Тянулось долгое молчание. Живописец часто вздыхал, прибавляя: «Боже, боже…» Спутник его тоже вздыхал, но редко и глубоко.

— Ну, что же, — спросил, наконец, живописец. — Как это вас всего-то порешили?

— Через клевету… Оклеветали меня в убийстве жены.

— А-а-а!

— Да-с. Точно что, не запираюсь, в унынии и горести моей,

бывало, бивал я ее жестоко. Не утаю ни от кого, колачивал. Но на сей раз, то есть насчет убийства, перед богом и перед людьми покаюсь — чист! Случилось дело через это подлое вино. Надо по совести сказать — оба мы с женой придерживались его. Она даже жесточе меня… Через это и случилось. Видите ли, я был у помещика, у господина Басова, и испросил у него десять рублей серебром, намереваясь купить якобы сруб. По дороге, проезжая мимо знакомого кабака, купил я винца полведра для рабочих плотников; штоф же отдельно для семейства — для себя и супруги моей. Дорогою я, признаться, из штофа примерно перстов на двенадцать отпил, да близ деревни еще немножечко глотнул, так что собственно штоф я выпил весь, ведро же доставил в целости. Время было осеннее, в избе холод и темно; под вечер жена моя лежит на постели и охает. Телосложение она имела тщедушное… Я с любовью подхожу к ней и вдруг чувствую спиртный запах. «Что с тобой?» В ответ на это спрашивает она меня: «Что это?» — «Вино». — «Дай, христа ради!» Дал я ей чайную чашечку и повел лошадь к дьячку. Возвращаюсь домой не более как чрез несколько минут и вижу: жена лежит без чувств на полу, чашка около нее валяется, и ведро это самое откупорено… Ужас объял меня! Стал я на нее со свечкой смотреть: рот раскрыла, губы черные, так и пышет вином, ровно бы пламенем. С жалостью перенес я ее без чувств на кровать. Спрашиваю у работницы: что с ней?.. «Они, говорит, десять чашек выпили». Тут я с горя, не утаю, пил целую ночь до бела света.
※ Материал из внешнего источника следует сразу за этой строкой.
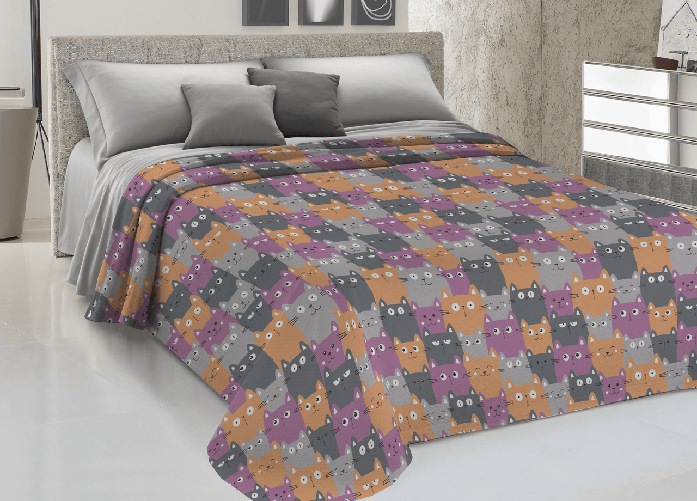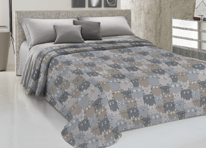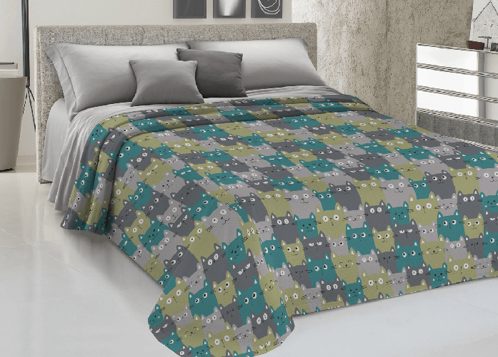 Copriletto Piquet Primavera Estate 100% Cotone Disegno Happy Cat
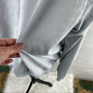 Under Armour Men's Unstoppable Emboss Bomber size large. White polyester/Elastane blend material with stretch. Waterproof with moisture transport system. 4 way stretch and fully lined. Front zipper closure and slams pockets. Logo on front. No holes or stains, one small pinhole size mark as pictured. Hard to see. Model shows same jacket in different color.
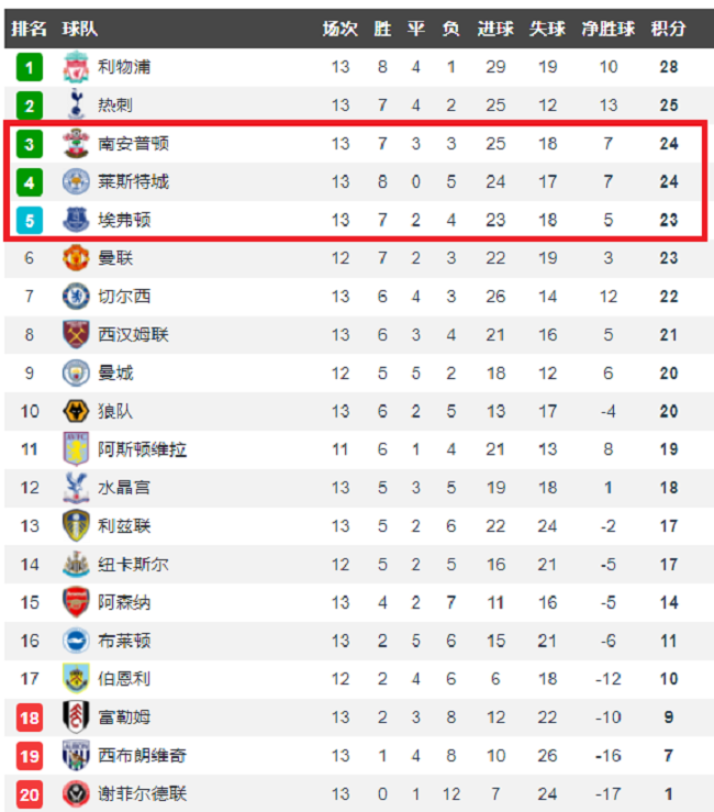 我们不妨拿英超第13轮和第11轮的积分榜做个简单的比较,仅仅2轮比赛,英超前6的座次就有了很大的不同,足见英超竞争有多么激烈。
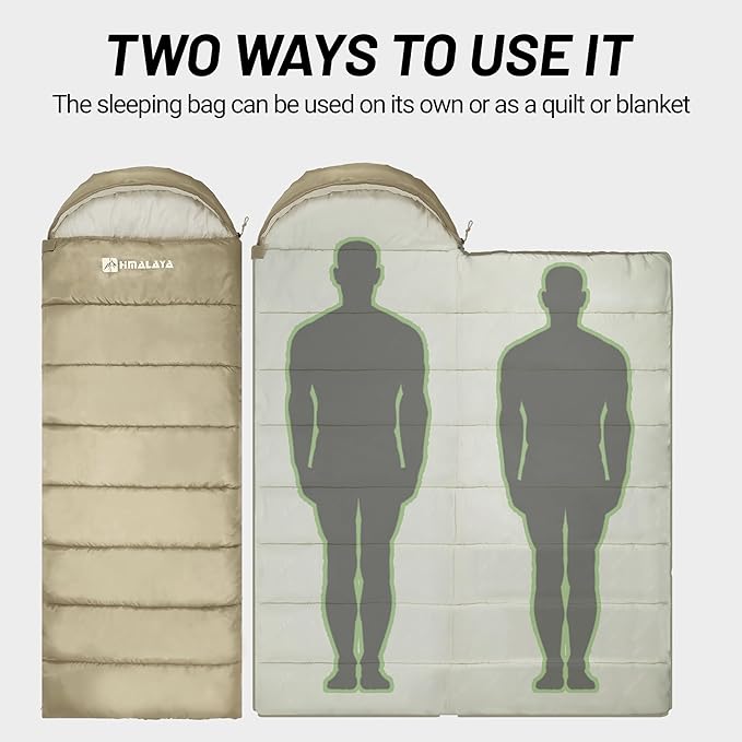 - Unique Design: The foot area of this 4 season sleeping bag is equipped with a separate zipper that can be opened to provide ventilation for the feet. Zip it can double as a comfortable blanket, catering to various scenarios. Complete with a cap design at the head to keep warmth in via rope contraction.
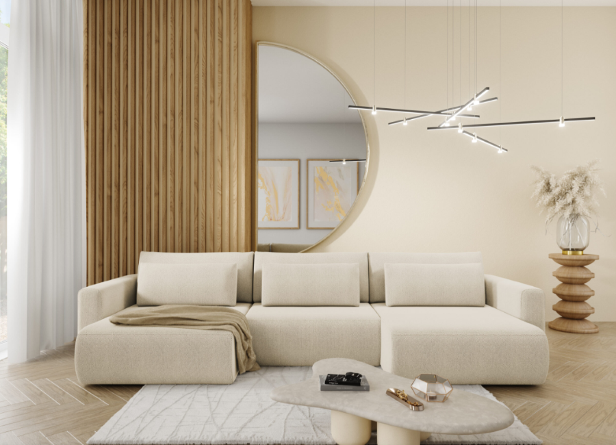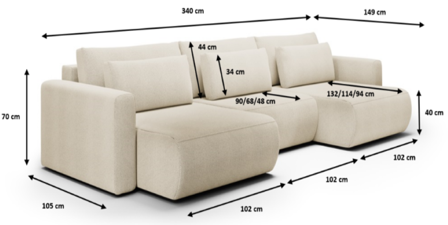 Kremowy Narożnik z Funkcją Spania 340×149 cm CIRI U IT – Różne Kolory
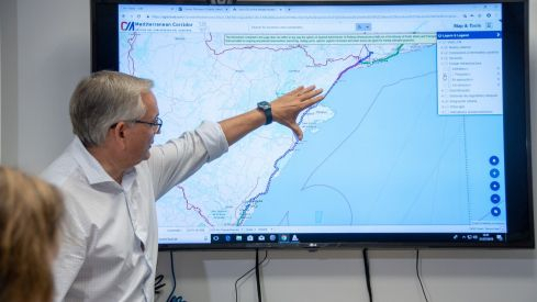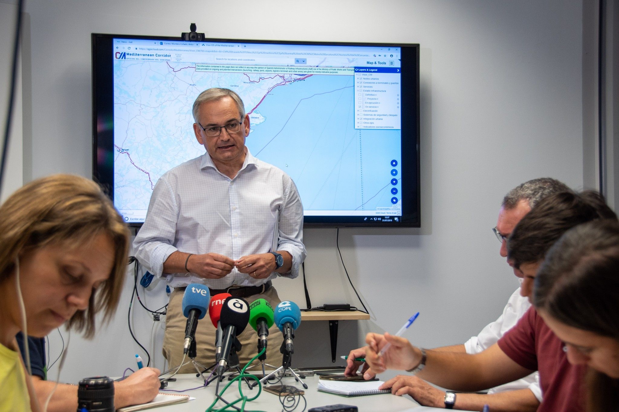 Amb un mapa explicatiu de fons, Boira ha assenyalat com "es canviarà de l'ample ibèric" a l'"ample internacional", en un tram que considera "fonamental" per al Corredor. Ara, detalla, s'està treballant en el Castellbisbal-Martorell i Martorell-Tarragona, amb un "tercer fil" amb ample internacional, i d'altra banda es treballa en "
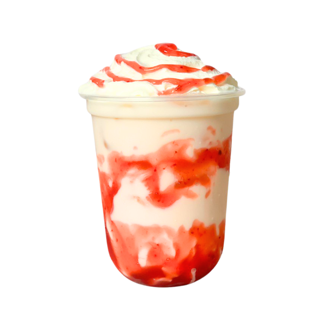 A smooth and creamy (1) cup of strawberry-flavoured iced drink, perfect for a sweet and fruity treat.

Наутро открывает жена глаза — никак не может открыть. Боль. «Что ты?» Только рукой чуть-чуть. Сожалея о ней, послал я полштоф и поднес ей чашечку… С жадностью выпила она. «Еще.. Я еще; да никак штук семь!.. Упала она и посинела вся. Как теперь помню, тоже был полдень — ни в деревне, ни в избе ни души не было, жара стояла нестерпимая. Сижу я у окна и думаю: господи! что же это я всю жизнь мою страдаю! Ни кола у меня, ни двора, ни хозяйства, только буйство одно и пьянство. С горя подзываю я мальчика маленького и прошу его добежать в кабак, — он приносит; к этому времени очнулась жена. Посадил я ее к окну; на столе промежду нас — полштоф. «Дай!» говорит. Я дал. Отпила она каплю, толкает — не надо. Через минуту опять: дай… Потом вдруг: ах, ах, ах!.. жжет, ах, жжет, — и тут она чашки четыре полных выпила; у самой глаза как угли. Начала пятую да как вскрикнет — кровь горлом… Бряк со стула, и дух вон… — Боже, господи, владыко! — в ужасе произнес живописец…

— Умерла?

— Умерла…

— Царь небесный!

— Ну, а потом все обвинение через родственников… Обидно было им, как ее потрошили…

— Потрошили?

— Как же, резали… Увидали кой-какие, например, ушибы, вывихи — убил. Я говорил судьям: «ваше высокоблагородие, все эти синяки и увечья получены ею в течение десятилетнего замужества, во время ее жизни, а не в день преставления…» Но не верили мне и судили. Присудили — лишить всего и сослать в монастырь на покаяние…

— Были?

— Был в трех. Но по чистой совести сказать — изгоняли меня.

— За что же?

— За нетрезвое поведение. Ведь я запоем…

— А-а-а!

— Да-да. Вот теперь месяца два воздерживался, а уж чувствую — сосет. Как бы господь дал до города добраться — всё подымут на улице где… А то боюсь, ну-кось где-нибудь посередь дороги схватит — сгниешь в канаве.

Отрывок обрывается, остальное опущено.